It is quite possible that after hundreds of tic-tac-toe games you wondered: what is the optimal algorithm? But if you are here, then you probably also tried to write an implementation of this game. We will go ahead and write a bot that will be impossible to beat at tic-tac-toe. Having predicted your question “why?”, We will answer: thanks to the “minimax” algorithm.

Like a professional chess player, this algorithm calculates the opponent’s actions several moves ahead – until it reaches the end of the game, be it a victory, a defeat or a draw. Once in this final state, the AI ​​will award itself a positive number of points (in our case, +10) for a win, a negative (-10) for a defeat, and a neutral (0) for a draw.

At the same time, the algorithm performs similar calculations for the player’s moves. He will choose the move with the highest score if the AI ​​is walking, and the move with the lowest score if the player is walking. Using this strategy minimax avoids defeat.

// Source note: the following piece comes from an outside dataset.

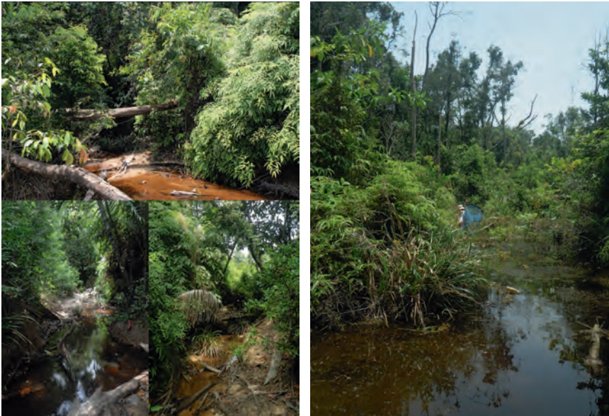
Figure 6 (left). A rivulet, locality R6, crossed by the main road in the Ream National Park, a habitat of Vestalis gracilis , Libellago hyalina , Archibasis viola , Ceriagrion cerinorubellum , Pseudagrion rubriceps , Prodasineura verticalis sp., Gomphidia sp., Brachygonia oculata , Cratilla lineata , Nannophia pygmaea , Neurothemis fluctuans , Orthetrum chrysis . 27.03.2015.

A male of Gomphidia sp. at R6 superficially looked like G. abbotti I saw elsewhere. It kept to a sunlit broadening of the rivulet ravine where perched on the same small dead branch at about 2.5 m above the ground. Twice I managed to approach a net to it almost to a stroke but missed. After disturbance, the dragonfly disappeared but revisiting this place in 15-20 min I found it on the same, rarely another nearby perch. I experienced this at ca 11:30 a.m. - 1:45 p.m. and did not find this dragonfly when returned to the same place at ca 3:20 p.m. Curiously, on the same branch I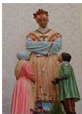
OUR LADY OF LASALETTE... Reconciler of sinners, pray without ceasing for us who have recourse to you.

WEEKLY OFFERING.....5/21.....$5,772.00 6/4 – School Support; 6/11 – La Salette Mission Appeal.

The minimax algorithm is most easily described as a recursive function that:

  • returns a value if the final state is found (+10, 0, -10),
  • goes through all empty cells on the field,
  • calls the minimax function for each of them (recursion),
  • evaluates the obtained values
  • and returns the best of them.

If you are not familiar with recursion, then you should watch this lecture from the Harvard CS50 course:

To understand how the minimax works, let’s write its implementation and simulate its behavior. We will deal with this in the next two sections.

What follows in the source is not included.